The reply must consist of the lines from the first line of the records through the line containing "In this case", copied exactly, with every picture omitted.

(Dataset excerpts)
★ ★ ★

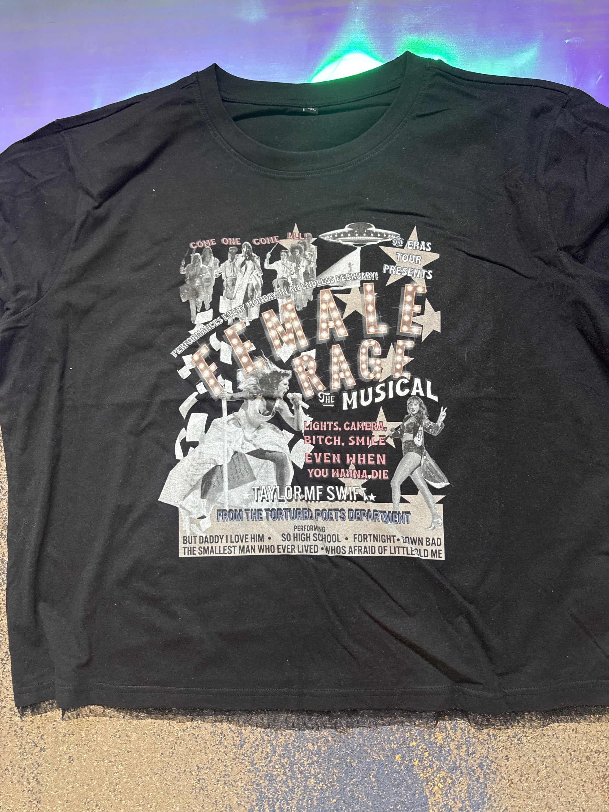 4XL (comes up small) (20/22) female rage slightly cropped lace trim tee
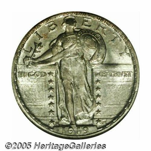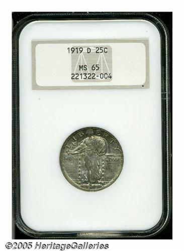 <B>1919-D<25C> MS65 NGC.</B></I> This is a highly lustrous Gem with satiny surfaces beneath golden brown and iridescent toning. Although the head details are not fully defined, this is a much sharper strike than many, and highly desirable as such.<BR><I>From The Clifford Columbus Collection.</B></I>
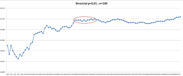 In this case we would estimate p ≈ 0,01 when the population has a p of 0,01.
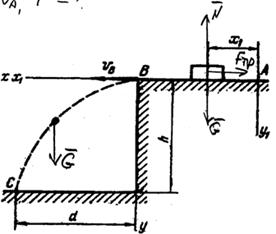2. Рассмотрим теперь движение груза на участке ВС ; найденная скорость VB будет начальной скоростью для движения груза на этом участке (V0 =VB ). Проведем из точки В оси Вх и Ву и составим дифференциальное уравнение груза в проекции на ось Вх :
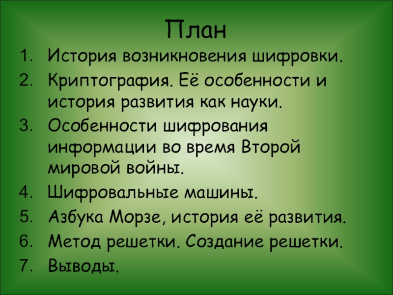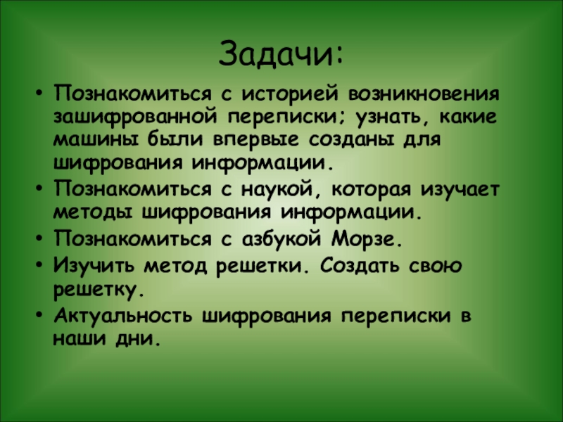 Познакомиться с историей возникновения зашифрованной переписки; узнать, какие машины были впервые
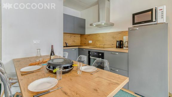 - Kitchenette ouverte et équipée : four, lave-vaisselle, plaques de cuisson, réfrigérateur, micro-ondes, cafetière, grille-pain, bouilloire, appareil à raclette, vaisselle et couverts
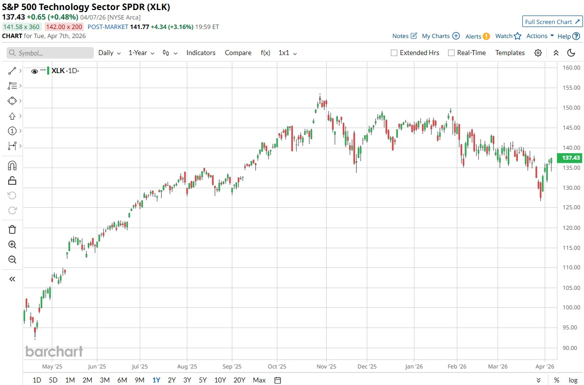 XLK’s latest figures show a price near $141.69, a year-to-date return of minus 1.58%, and a 52-week gain of 57.67%. It is very actively traded, with a recent weekly volume of 9,366,500 shares.
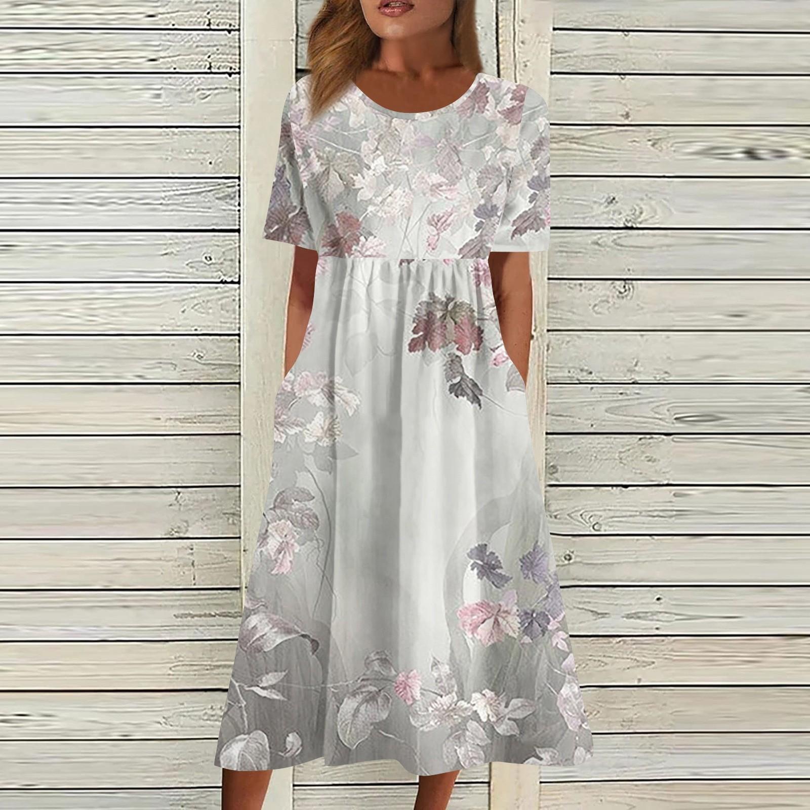 Женское струящееся платье миди в стиле бохо с цветочным принтом, повседневное свободное летнее платье с коротким рукавом для пляжного отдыха и карманами XL
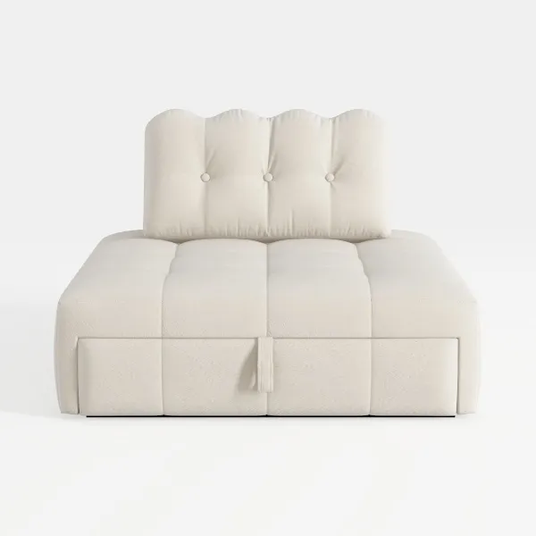 Drawing inspiration from organic, flowing forms, this piece embodies a blend of softness and intentional simplicity, as if sculpted from a single, gentle curve to cradle both body and mind. Crafted with a plush, textured upholstery in a warm ivory hue, its surface invites gentle touches—velvety to the hand, yet with a subtle structure that resists flattening, promising long-lasting comfort. The curved, cloud-like backrest, adorned with evenly spaced button tufts, adds dimensionality without overwhelming, while the clean, horizontal stitching along the seat creates a balanced, uncluttered silhouette that feels both modern and timeless.
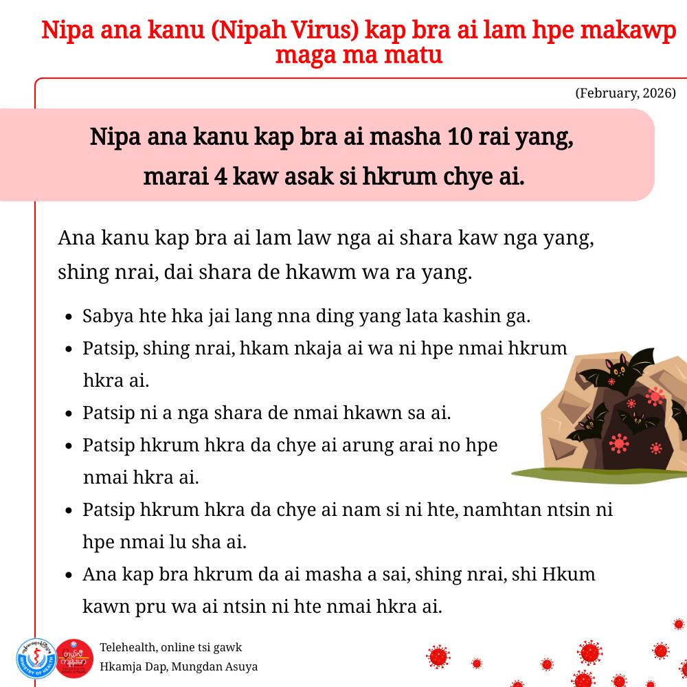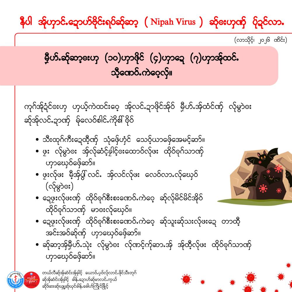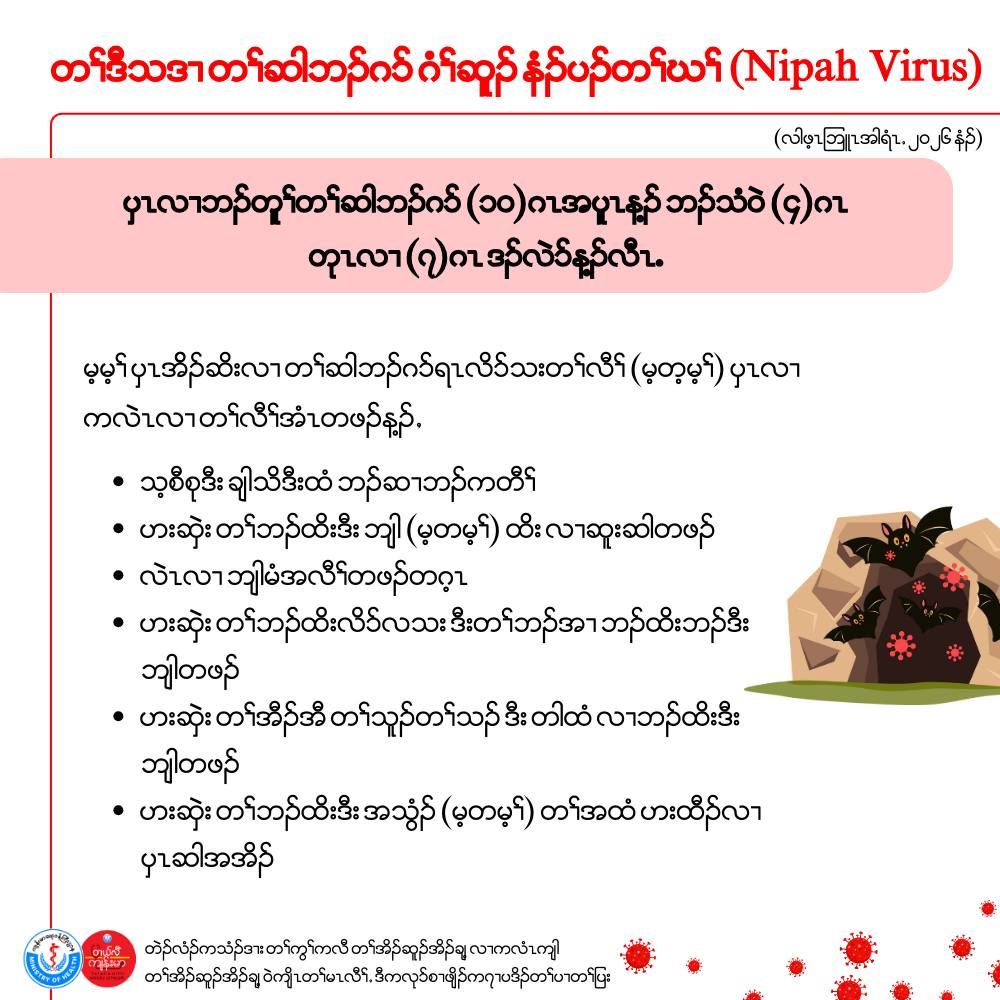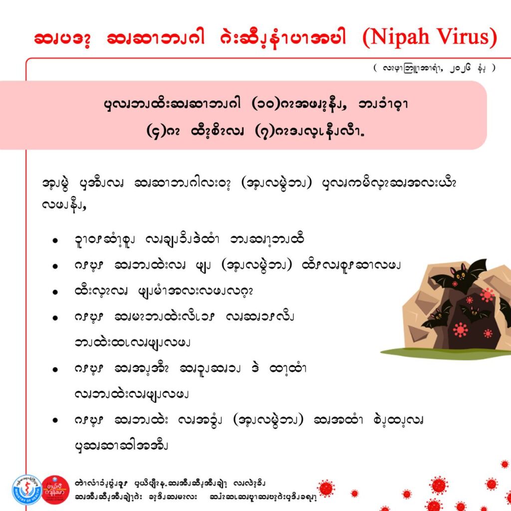 နီပါ ပြင်းထန်ဗိုင်းရပ်စ်ရောဂါ (Nipah virus) ကူးစက်မှုမှ ကာကွယ်ရန် (ဖေဖော်ဝါရီ၊ ၂၀၂၆)
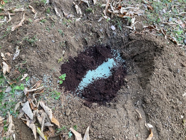 4. 掘った穴に肥料(溶燐・完熟堆肥)を入れて先ほど積み上げた土と川から汲んできた水を混ぜ合わせます。
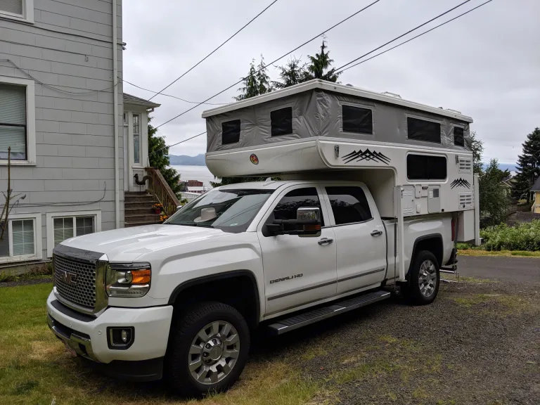 This barely-used Guanella truck camper is compact and efficient, giving you everything you need for your adventures. Queen size bed plus dinette can sleep 4; additional bunk can be added for the little ones. Pop-up canvas sides are easy to raise and lower with the Hallmark lift system. Kitchen includes sink, 3-burner stove & oven and refrigerator. Integrated solar system means you can plug in this beauty OR run it off grid. Propane heat, roof-mounted AC, fan and lots of windows. Back-up generator and fuel for peace of mind. Locked safe and roof-mounted tube rack for fishing poles make this a great set up for outdoorsmen. Rental includes basic linens and kitchen supplies.The 2017 GMC Denali truck has integrated bluetooth, backup camera, leather interior, and all the bells and whistles to make your adventure a dream.Please note: this camper is NOT to be used at Burning Man. (We are Burners; we *will* know if you attempt this). The dust is damaging to the paint, metal, rubber seals, and destroys all the filters in the truck and camper, requiring replacement. Please, do not make a booking request related to BRC.
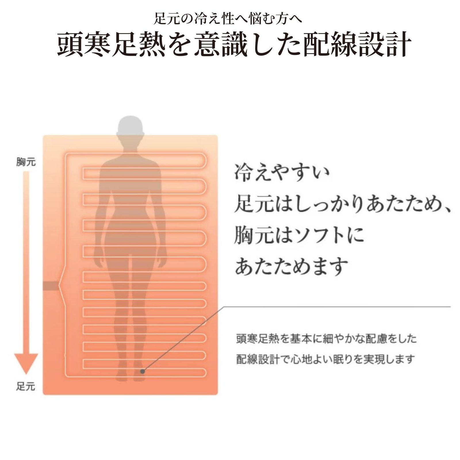 ○切り忘れても安心、自動OFFタイマー付き。(12時間自動OFF、任意6・4・2時間設定可能) ○操作しやすいスライド式温度調節。(暗い部屋でも見やすいバックライト付き) ○急に冷え込んでも快適、室温センサー内臓。(室温が約23℃以下になると、設定から自動で約3℃温度アップ) ○取扱説明書の記載手順に従いダニ退治ができます。 ○コントローラーを外して丸洗い可能。(洗濯ネットを使用して洗濯機でも洗えます。※ドラム式洗濯機、乾燥機はご使用できません。) ○頭寒足熱配線で足元はしっかり、胸元はソフトに身体を暖めます。○ご使用前に、必ず取扱説明書をよくお読みいただき、正しくお使いください。
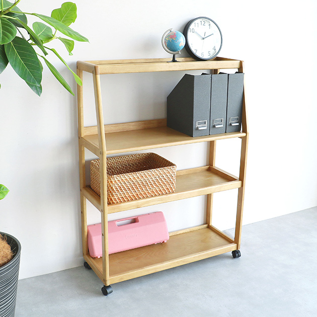 サイドラック キャスター付き 収納棚 学習デスク 学習机 天然木製 ナチュラル シンプル リビング学習 子供部屋

★ ★ ★

Response to this exercise:
 4XL (comes up small) (20/22) female rage slightly cropped lace trim tee
 <B>1919-D<25C> MS65 NGC.</B></I> This is a highly lustrous Gem with satiny surfaces beneath golden brown and iridescent toning. Although the head details are not fully defined, this is a much sharper strike than many, and highly desirable as such.<BR><I>From The Clifford Columbus Collection.</B></I>
 In this case we would estimate p ≈ 0,01 when the population has a p of 0,01.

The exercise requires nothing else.